If pictures appear among the lines below, leave them out while you return exactly the lines from the one with "10.3 Picture 1" through the one with "At 8.15 am, on".

━━━ Input material ━━━

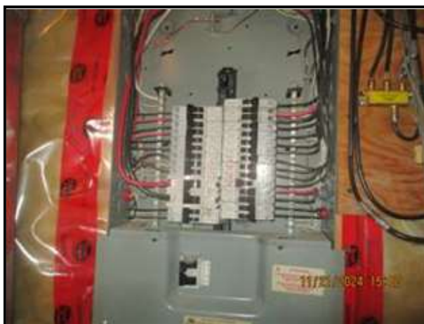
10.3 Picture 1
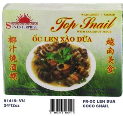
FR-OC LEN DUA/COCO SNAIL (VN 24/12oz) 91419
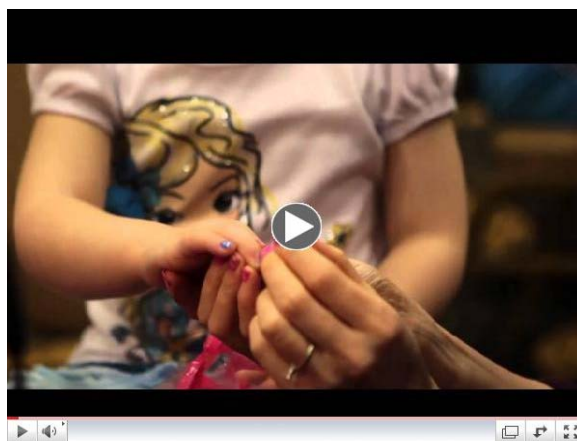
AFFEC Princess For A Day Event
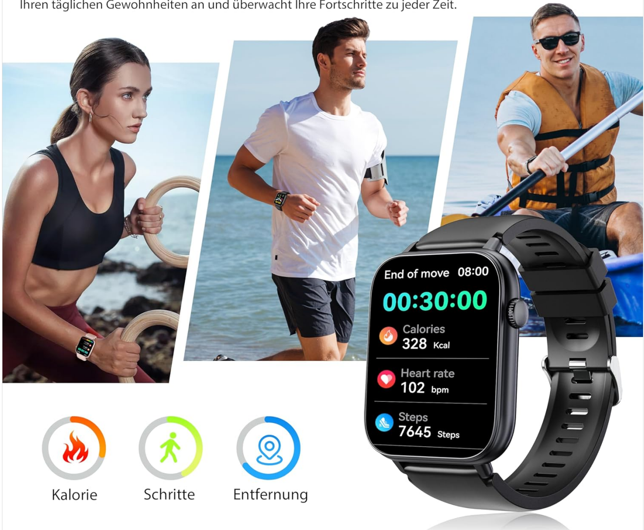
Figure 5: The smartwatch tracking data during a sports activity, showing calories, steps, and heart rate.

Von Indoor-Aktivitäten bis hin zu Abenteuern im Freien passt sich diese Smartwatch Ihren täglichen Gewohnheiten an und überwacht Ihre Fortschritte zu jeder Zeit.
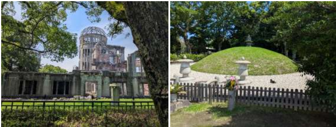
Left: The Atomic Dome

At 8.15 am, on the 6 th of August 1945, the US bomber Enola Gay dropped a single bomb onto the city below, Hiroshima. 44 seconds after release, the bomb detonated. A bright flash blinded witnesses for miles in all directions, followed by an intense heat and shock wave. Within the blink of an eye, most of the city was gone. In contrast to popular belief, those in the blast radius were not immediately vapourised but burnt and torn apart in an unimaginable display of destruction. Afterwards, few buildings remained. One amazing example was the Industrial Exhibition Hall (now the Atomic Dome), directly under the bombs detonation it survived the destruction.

━━━
━━━ Input material ━━━

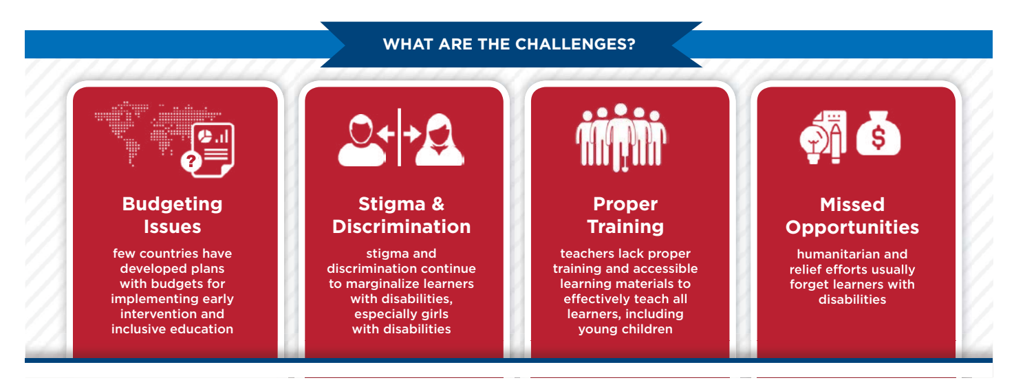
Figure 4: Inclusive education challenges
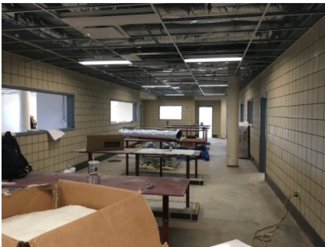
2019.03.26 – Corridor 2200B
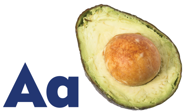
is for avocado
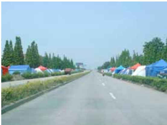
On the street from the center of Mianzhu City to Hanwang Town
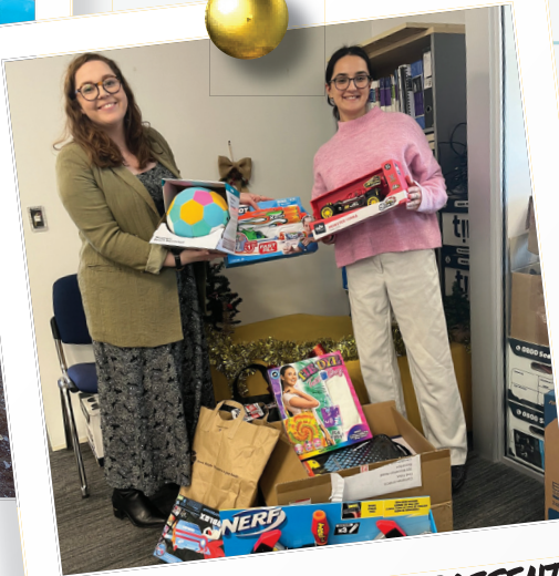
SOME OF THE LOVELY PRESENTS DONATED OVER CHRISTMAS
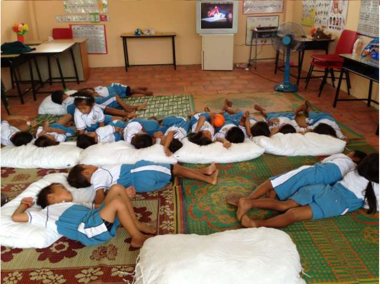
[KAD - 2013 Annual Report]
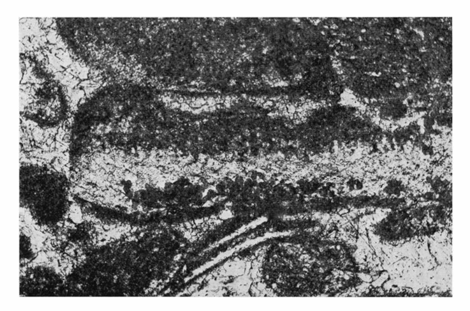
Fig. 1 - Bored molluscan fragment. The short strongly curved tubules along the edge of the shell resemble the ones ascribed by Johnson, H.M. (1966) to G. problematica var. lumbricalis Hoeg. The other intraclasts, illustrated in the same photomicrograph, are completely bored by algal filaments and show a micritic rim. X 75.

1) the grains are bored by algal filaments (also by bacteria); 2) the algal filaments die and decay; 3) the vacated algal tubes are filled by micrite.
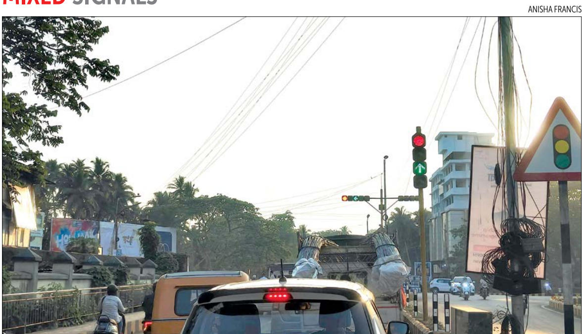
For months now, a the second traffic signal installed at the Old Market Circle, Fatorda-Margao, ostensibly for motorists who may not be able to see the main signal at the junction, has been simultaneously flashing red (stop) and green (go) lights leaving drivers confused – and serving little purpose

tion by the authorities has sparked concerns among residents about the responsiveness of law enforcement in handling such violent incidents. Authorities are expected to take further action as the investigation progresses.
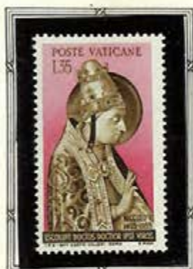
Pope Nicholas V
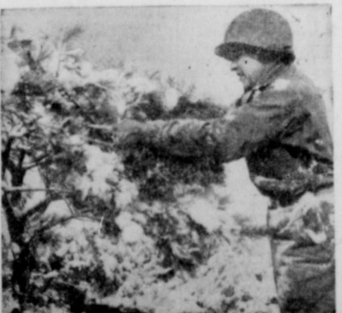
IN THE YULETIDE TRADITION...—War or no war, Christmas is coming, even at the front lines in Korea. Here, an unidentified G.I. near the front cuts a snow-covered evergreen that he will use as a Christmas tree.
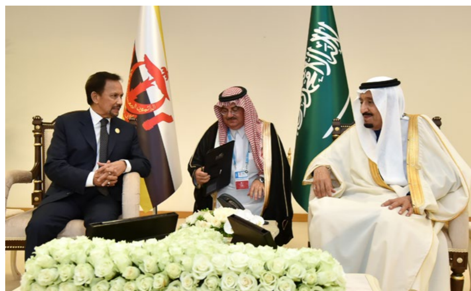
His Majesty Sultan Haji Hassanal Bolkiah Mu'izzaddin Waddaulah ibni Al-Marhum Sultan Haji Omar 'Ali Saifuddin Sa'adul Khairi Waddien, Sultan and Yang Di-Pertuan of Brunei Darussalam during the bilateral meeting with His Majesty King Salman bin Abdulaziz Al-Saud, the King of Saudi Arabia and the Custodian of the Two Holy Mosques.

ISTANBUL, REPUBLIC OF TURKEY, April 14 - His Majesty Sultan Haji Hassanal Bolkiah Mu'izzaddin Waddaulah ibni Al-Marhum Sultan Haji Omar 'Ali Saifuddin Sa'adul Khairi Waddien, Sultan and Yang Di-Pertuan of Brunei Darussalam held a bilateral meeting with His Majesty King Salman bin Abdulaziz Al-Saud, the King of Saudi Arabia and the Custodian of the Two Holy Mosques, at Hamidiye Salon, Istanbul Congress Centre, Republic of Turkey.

━━━

§ **Solution to the exercise**
10.3 Picture 1
FR-OC LEN DUA/COCO SNAIL (VN 24/12oz) 91419
AFFEC Princess For A Day Event
Figure 5: The smartwatch tracking data during a sports activity, showing calories, steps, and heart rate.

Von Indoor-Aktivitäten bis hin zu Abenteuern im Freien passt sich diese Smartwatch Ihren täglichen Gewohnheiten an und überwacht Ihre Fortschritte zu jeder Zeit.
Left: The Atomic Dome

At 8.15 am, on the 6 th of August 1945, the US bomber Enola Gay dropped a single bomb onto the city below, Hiroshima. 44 seconds after release, the bomb detonated. A bright flash blinded witnesses for miles in all directions, followed by an intense heat and shock wave. Within the blink of an eye, most of the city was gone. In contrast to popular belief, those in the blast radius were not immediately vapourised but burnt and torn apart in an unimaginable display of destruction. Afterwards, few buildings remained. One amazing example was the Industrial Exhibition Hall (now the Atomic Dome), directly under the bombs detonation it survived the destruction.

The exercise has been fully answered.